Bollard spooks markets
Reserve Bank governor Alan Bollard spooked financial markets slightly into thinking he may raise interest rates sooner than they had anticipated although, as expected, he's left rates unchanged for now.
Thursday, October 27th 2011, 10:13AM
by Jenny Ruth
Bollard left his official cash rate (OCR) unchanged at its record low 2.50% “for now.”
Dominick Stephens, chief economist at Westpac, says although Bollard acknowledged the weakness in recent inflation and growth data and declining business confidence, he didn't change his stance.
“There was no overt change in how the Reserve Bank sees the outlook for the economy or monetary policy,” Stephens says.
“The market's read that as the Reserve Bank saying: I see the weaker data but I'm not going to change my plan,” he says.
The New Zealand dollar spiked up about 0.6 US cents and both shorter and longer-dated interest rates rose about four basis points in reaction.
Stephens says a significant omission in Bollard's statement was that he didn't mention the strength of the domestic currency.
Robin Clements at UBS New Zealand says the market had been pushing the likely timing of Bollard hiking too far.

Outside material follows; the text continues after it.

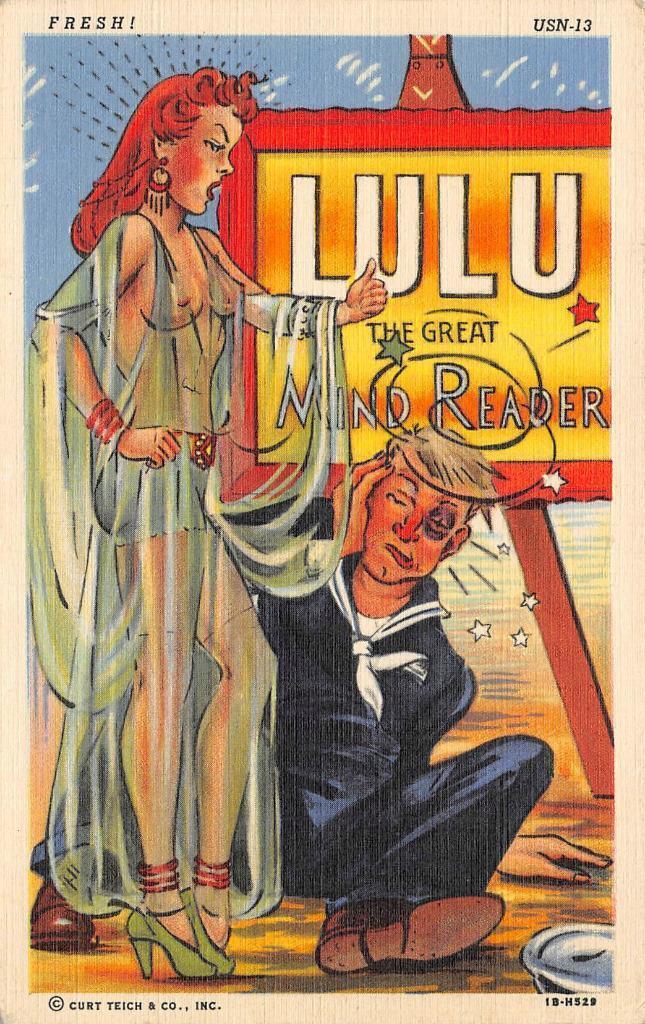 Very Good. Vintage Postcard. *Scroll Down to see an image of the back of the postcard. Lulu The Mind Reader Redhead Pin-Up Girl Topless Nude Risque Comic Navy 40s WWII Lulu The Mind Reader Redhead Pin-Up Girl Topless Nude Risque Comic Navy 40s WWII Click images to enlarge Description Vintage Postcard. There is a flat rate of $1.00 to ship anywhere within the U. S. Multiple items will have a combined shipping rate of only $1.00. International - $1.50. Please check our other items in our Hip store: Visit My Hip Store. Please feel free to contact me with any questions you may have. All cards sold are vintage, no reproductions. Images sell!Get Supersized Images & Free Image HostingCreate your brand with Auctiva'sCustomizable Templates.Attention Sellers - Get TemplatesImage Hosting, Scheduling at Auctiva.com.Track Page Views WithAuctiva's Counter
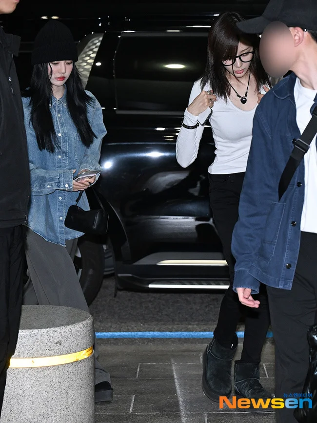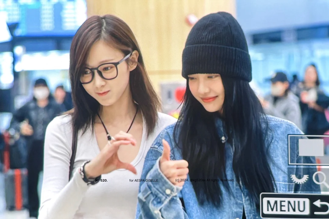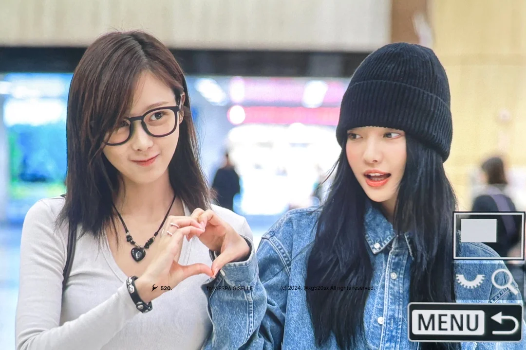 宁宁 Giselle今日机场私服!时髦的小姐俩! 图片来源于newsen

Clements is still officially expecting a rate hike in December and thinks it will be March at the latest.
Nick Tuffley, chief economist at ASB Bank, says the market reaction should be seen in the context of data this month showing weaker than expected inflation both here and in Australia.
New Zealand inflation rose just 0.4% in the September quarter, nearly half the 0.7% expected by both the market and the Reserve Bank, and Australian underlying inflation in the quarter was just 0.3% compared with market expectations of 0.6%.
Bollard said he sees New Zealand's annual underlying inflation rate settling at 2%, the middle of his zero to 3% target. He says Bollard still does have a bias towards raising rates and if the impact on the New Zealand economy from the worsening situation in Europe is mild, then he expects the central bank will raise the OCR in March.